Segment Open

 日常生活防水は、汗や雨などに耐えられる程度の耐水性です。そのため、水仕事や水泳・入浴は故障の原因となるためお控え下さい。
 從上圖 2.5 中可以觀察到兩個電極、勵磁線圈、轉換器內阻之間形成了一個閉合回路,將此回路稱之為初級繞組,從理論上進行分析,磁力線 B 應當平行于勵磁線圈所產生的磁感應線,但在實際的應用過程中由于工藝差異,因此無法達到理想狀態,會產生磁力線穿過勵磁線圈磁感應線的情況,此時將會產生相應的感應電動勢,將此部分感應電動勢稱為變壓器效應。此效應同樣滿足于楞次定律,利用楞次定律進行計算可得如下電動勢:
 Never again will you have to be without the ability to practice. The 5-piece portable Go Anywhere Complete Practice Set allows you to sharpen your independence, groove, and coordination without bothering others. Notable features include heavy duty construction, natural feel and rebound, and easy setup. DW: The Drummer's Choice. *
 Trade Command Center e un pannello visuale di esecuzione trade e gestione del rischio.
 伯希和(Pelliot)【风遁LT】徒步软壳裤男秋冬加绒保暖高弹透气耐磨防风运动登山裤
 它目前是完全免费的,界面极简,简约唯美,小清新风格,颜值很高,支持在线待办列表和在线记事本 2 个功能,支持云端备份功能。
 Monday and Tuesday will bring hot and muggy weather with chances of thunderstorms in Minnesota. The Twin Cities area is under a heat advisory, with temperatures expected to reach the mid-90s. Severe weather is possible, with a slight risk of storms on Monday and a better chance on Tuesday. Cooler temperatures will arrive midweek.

Segment Closed
Segment Open

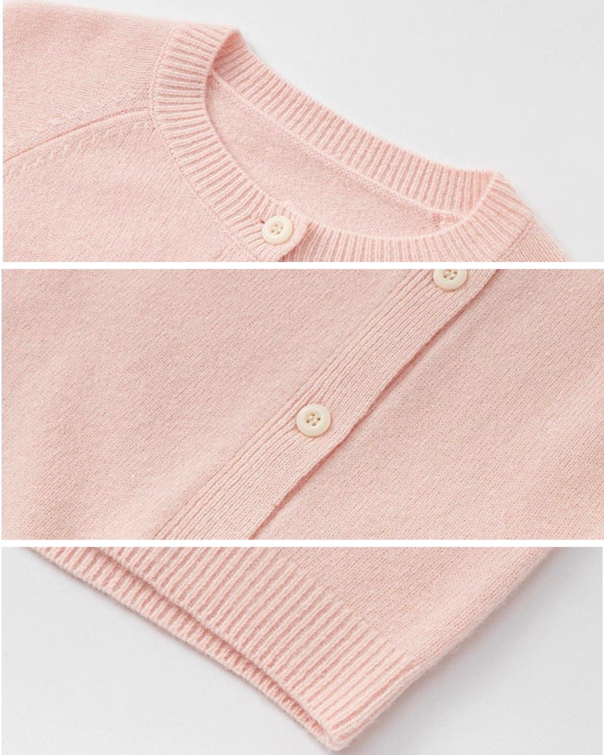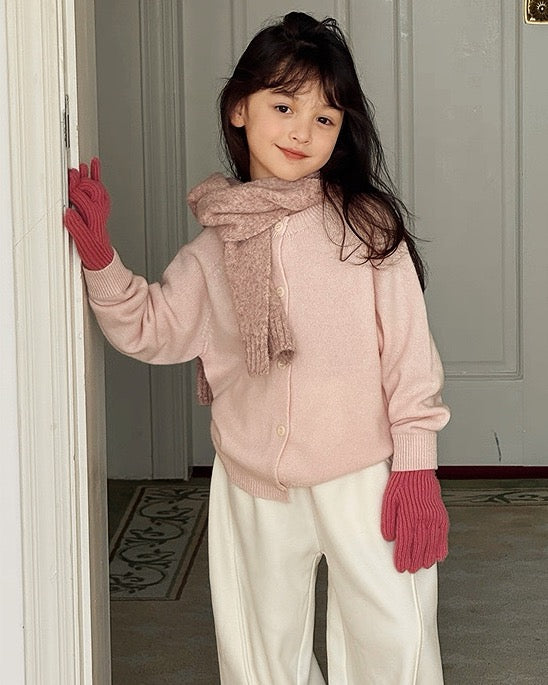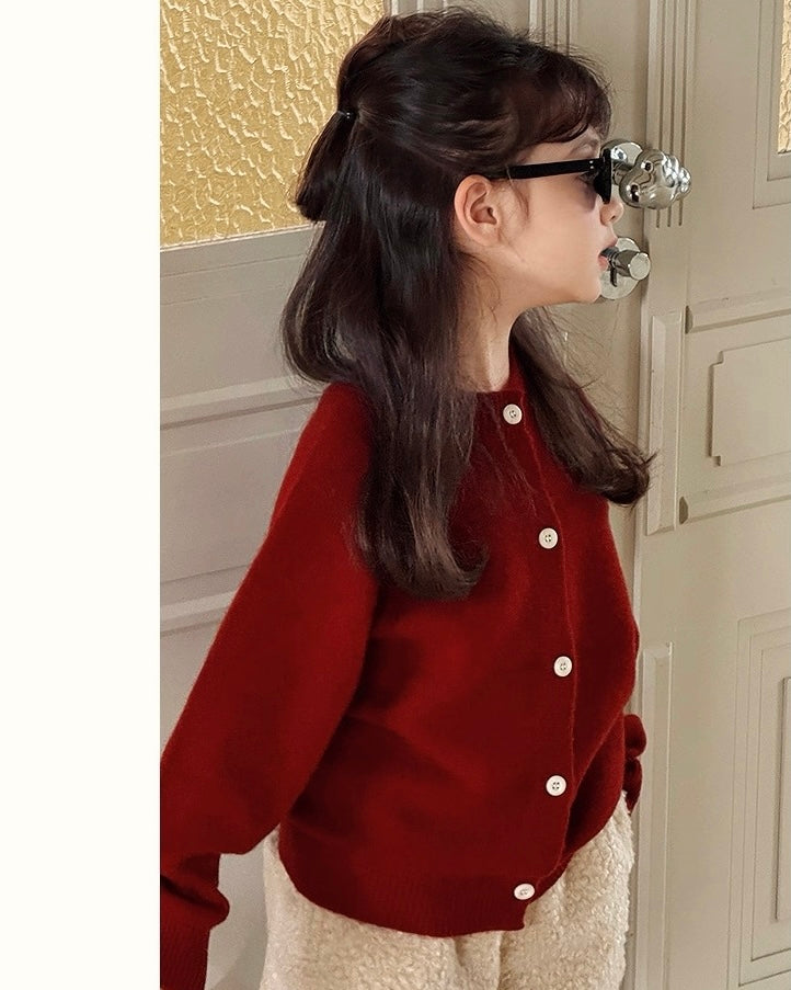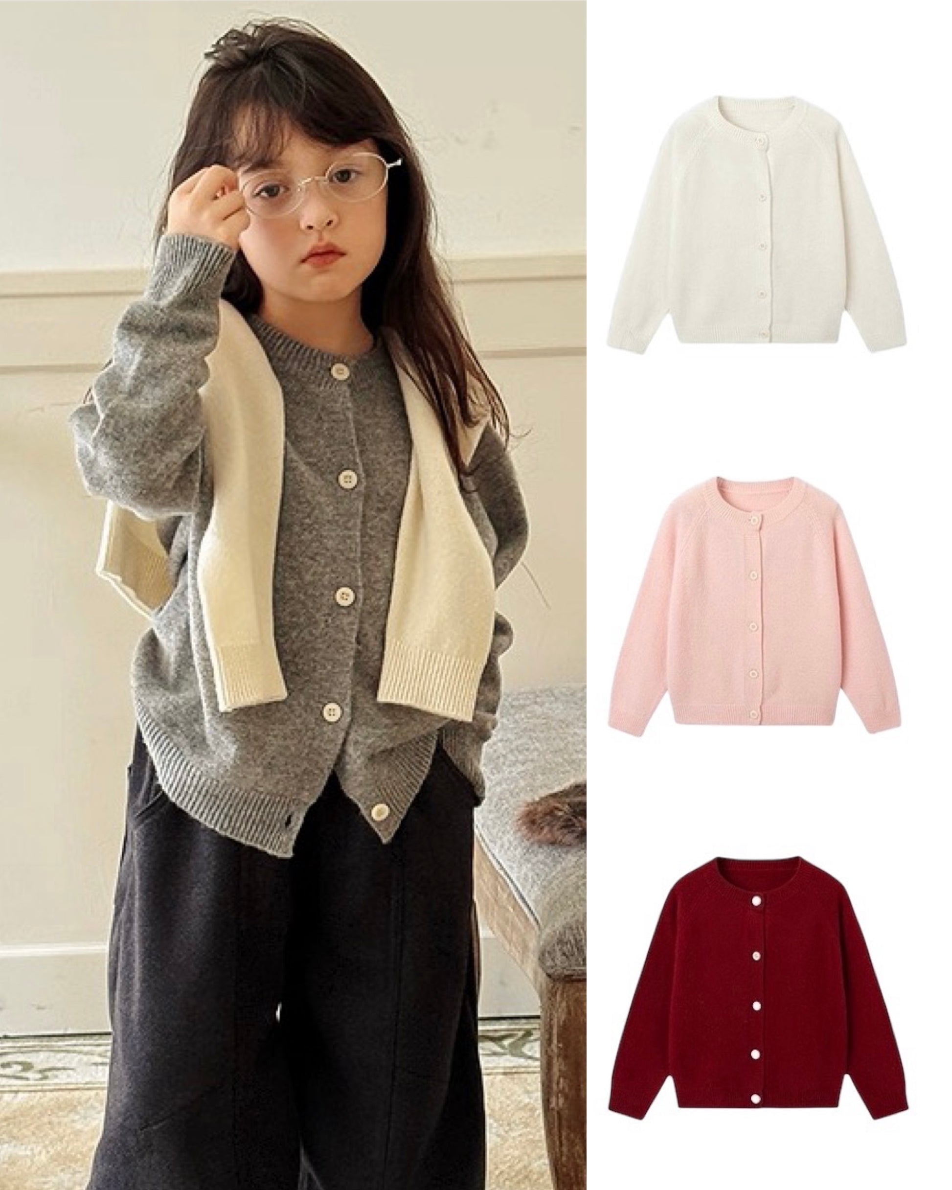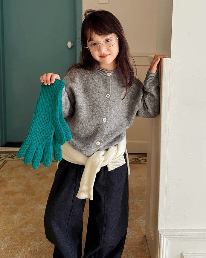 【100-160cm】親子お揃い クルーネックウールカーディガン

Segment Closed
Segment Open

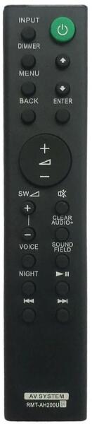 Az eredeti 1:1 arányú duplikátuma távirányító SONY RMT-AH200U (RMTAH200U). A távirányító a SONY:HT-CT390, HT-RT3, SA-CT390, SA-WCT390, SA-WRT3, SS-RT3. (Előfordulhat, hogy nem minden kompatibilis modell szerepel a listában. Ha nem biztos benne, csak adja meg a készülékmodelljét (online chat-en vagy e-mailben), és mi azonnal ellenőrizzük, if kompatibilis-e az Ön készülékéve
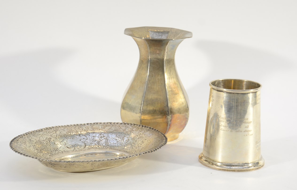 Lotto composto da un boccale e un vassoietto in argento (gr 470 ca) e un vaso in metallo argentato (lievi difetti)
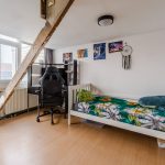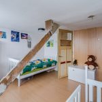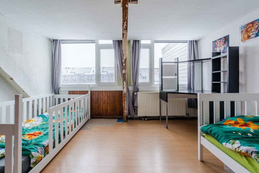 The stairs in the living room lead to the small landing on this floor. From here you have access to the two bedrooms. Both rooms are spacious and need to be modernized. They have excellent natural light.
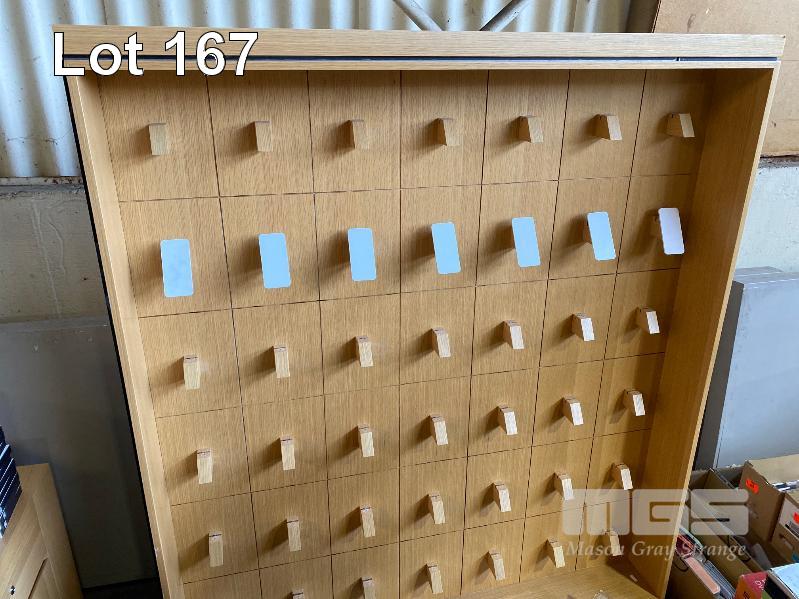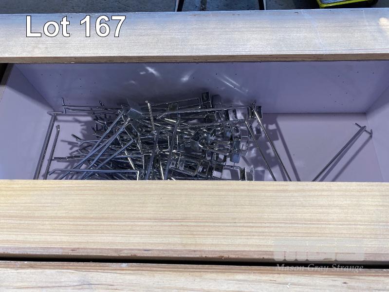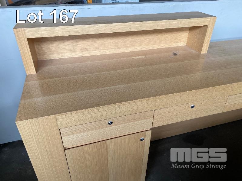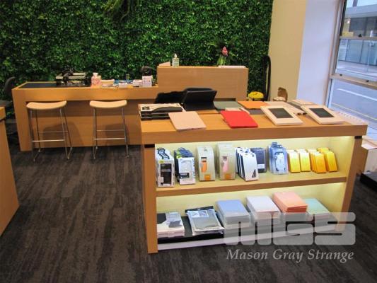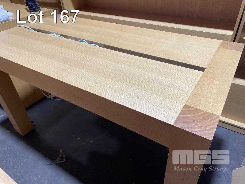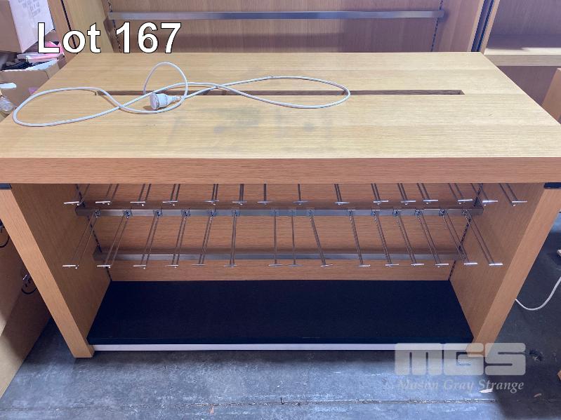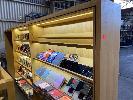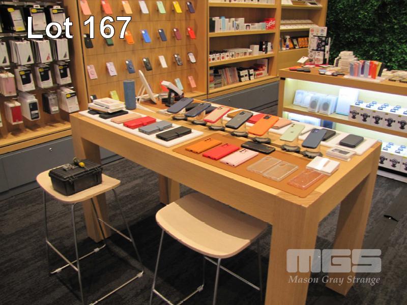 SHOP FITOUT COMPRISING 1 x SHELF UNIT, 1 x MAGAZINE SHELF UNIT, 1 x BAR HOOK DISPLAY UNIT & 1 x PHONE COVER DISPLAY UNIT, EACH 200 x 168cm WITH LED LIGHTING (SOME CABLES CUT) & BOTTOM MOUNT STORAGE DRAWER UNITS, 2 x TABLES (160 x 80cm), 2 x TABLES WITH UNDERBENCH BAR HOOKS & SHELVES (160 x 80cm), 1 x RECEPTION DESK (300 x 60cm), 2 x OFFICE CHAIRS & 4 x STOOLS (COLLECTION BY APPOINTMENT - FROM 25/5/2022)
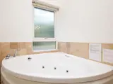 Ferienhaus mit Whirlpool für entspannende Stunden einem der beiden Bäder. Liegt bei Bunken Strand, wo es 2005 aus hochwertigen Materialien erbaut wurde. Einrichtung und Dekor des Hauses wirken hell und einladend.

Segment Closed

#### AIM OF THE TASK:
Only the count is wanted. Count the lines of the data above that include the string "will".

#### ANSWER TO THIS EXERCISE:
2